> Junges Theater - 'Kabale und Liebe'
>
|
|
|
|
|


> 9|05 theater

Schiller pur im Lagerhaus

Das Junge Theater Göttingen startet mit "Kabale und Liebe" in einer starken Inszenierung in die Saison 2005/2006


> Der Piccolo am Anfang? Harmlos. Die Limonade am Ende - die hat es in sich. Zwischen den Getränken entwickelt sich ein Krimi voller Macht und Liebe, von Meisterhand geschrieben, von einem Bühnen-Hexenmeister inszeniert. Zum Saisonstart des Jungen Theaters jagt Intendant Andreas Döring sein Ensemble unter Hochdruck durch einen deutschen Klassiker: Friedrich von Schiller liefert mit "Kabale und Liebe" eine Steilvorlage für zeitlose Dramatik um liebe, Freiheit und Selbstbestimmung, die jeder Zeit in Unterdrückung und Gewalt kippen können - und auch kippt.

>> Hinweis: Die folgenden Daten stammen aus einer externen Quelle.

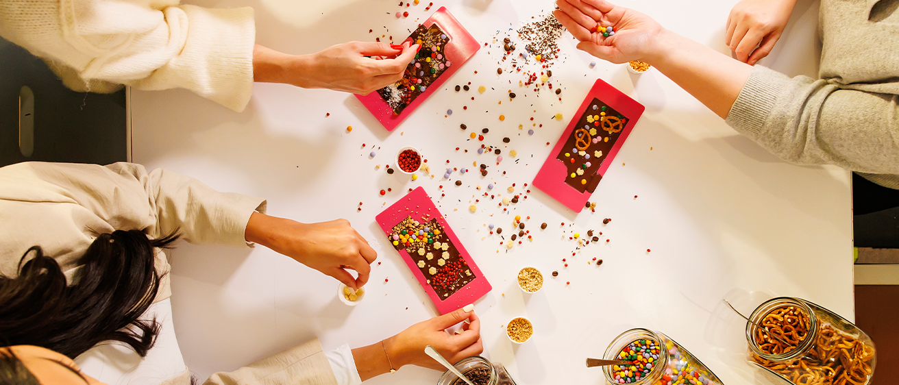 Schokolade macht glücklich! Im CHOCOVERSUM gehst Du diesem Phänomen mit allen Sinnen auf die Spur. In einer 90-minütigen Führung begleitest Du die Kakaobohne auf ihrem spannenden Weg vom Anbau bis zur fertigen Tafel Schokolade. Probieren und Mitmachen sind dabei ausdrücklich erwünscht! Genieße an jeder Fertigungsstufe eine Kostprobe und kreiere sogar Deine eigene Tafel Schokolade!
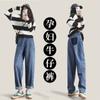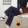 Jeans Tannin para Gestantes Outono e Inverno Novo Calças para Gestantes Forradas com Lã Espessas Calças de Perna Larga Jeans Solto Inverno Simples

Präsidenten-Sohn Ferdinand von Walter liebt Luise Miller, Stadtmusikanten-Tochter.

Die heimliche Beziehung trifft auf heftigen Widerstand. Der Präsident will seinen Sohn zwingen, die Geliebte des Fürsten, Lady Milford zu heiraten: um den Zugriff auf die einflussreiche junge Dame "in der Familie" zu behalten und Ferdinands Karriere zu befördern. Doch der Vater hat die Rechnung ohne den Sohn gemacht. Der gesteht seine Liebe zu Luise der Lady, doch die geizt nicht mit ihren Reizen. Vergeblich. Mit Hilfe des enttäuschten Nebenbuhlers Wurm spinnt nun der Präsident eine Intrige, um die Liaison zwischen Ferdinand und Luise zu zerstören. Aus Opfern werden Täter und umgekehrt.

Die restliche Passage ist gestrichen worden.